The top law man in Iowa’s largest college town favors tickets rather than a trip to jail for folks caught with a few puffs of pot. Johnson County Sheriff Lonny Pulkrabek says he’d like to see someone caught with a little bit of marijuana treated the same as someone who’s pulled over for running a stop sign. “I would like to see possession of marijuana done by increments,” Pulkrabek says. “I think that small increments of possession of marijuana should be treated as a simple misdemeanor where the officer on the street can cite and release right there and not have to bring them to jail.”

Pulkrabek says in a university town like Iowa City, his staff spends a lot of time booking people who’re caught with just a small amount of marijuana.

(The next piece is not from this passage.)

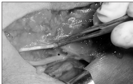
Figura 5. Rama sensitiva del nervio radial (*) libre tras tenotomía de la banda dorsal del brachioradialis.

El síndrome de Wartenberg es inicialmente descrito como una neuritis de la rama sensitiva del radial 1,3 . Lanzetta y Foucher 2 diferencian 3 grupos de pacientes a la hora de diagnosticar el síndrome de Wartenberg, en función del lugar donde sea positivo el signo de Tinel: si éste se presenta a la altura de la estiloides radial o alrededor del primer compartimento extensor, habrá que buscar factores de compresión externa (reloj, yeso, cicatrices, gangliones, etc.); si el Tinel es a unos 8 cm de la estiloides, la causa está en la zona donde el nervio pasa de un plano profundo submuscular a un plano superficial subcutáneo, atravesando la fascia que envuelve el brachioradialis y el extensor carpi

Pulkrabek says over seven-hundred people were arrested in Johnson County last year for possessing a small amount of marijuana. Pulkrabek would reserve the harshest punishments for those caught with loads of pot. “The guy that’s carrying 50 bales of marijuana running down Interstate-80…that’s a different animal,” the sheriff says.

Pulkrabek would also like to see state law changed so he can send a drunk or high person to a locked-down “detox center” to dry out rather than charging them with public intoxication and putting them into the overcrowded county jail. “We have a large number of young people (who) come to school and they may get charged with public intoxication and so eventually when they leave town, they not only leave town with, hopefully, a degree, but they unfortunately leave town with a criminal record as well,” he says.

Pulkrabek, who served as a deputy in Johnson County for over 20 years before being elected sheriff last year, says substance abuse, whether it’s alcohol or drugs, is an enormous problem for law enforcement in college towns. But Representative Clel Baudler, a Republican from Greenfield, says the legislature will not reduce the penalties for having just a joint or a small bag of pot. “I don’t think we can send a message to the drug user or abuser that we should decrease the penalties for illegal use,” Baudler says.

Baudler, a retired state trooper, is unmoved by the sheriff’s argument that the Johnson County Jail is over-run by drunks and small-time pot users. “We could simplify their job a lot quicker if we just didn’t have football games, home football games there where we arrest hundreds of drunks over the weekend. We could simplify law enforcement’s job if we didn’t have rock concerts,” Baudler says. “We could do a lot of things to simplify the job but would public safety be served? I don’t think so.”

Baudler says merely ticketing small-time marijuana users would send the wrong message. Baudler says it sends the message that if you’re a little crook, that’s o-k, it’s only when you’re a big crook that the state will crack down.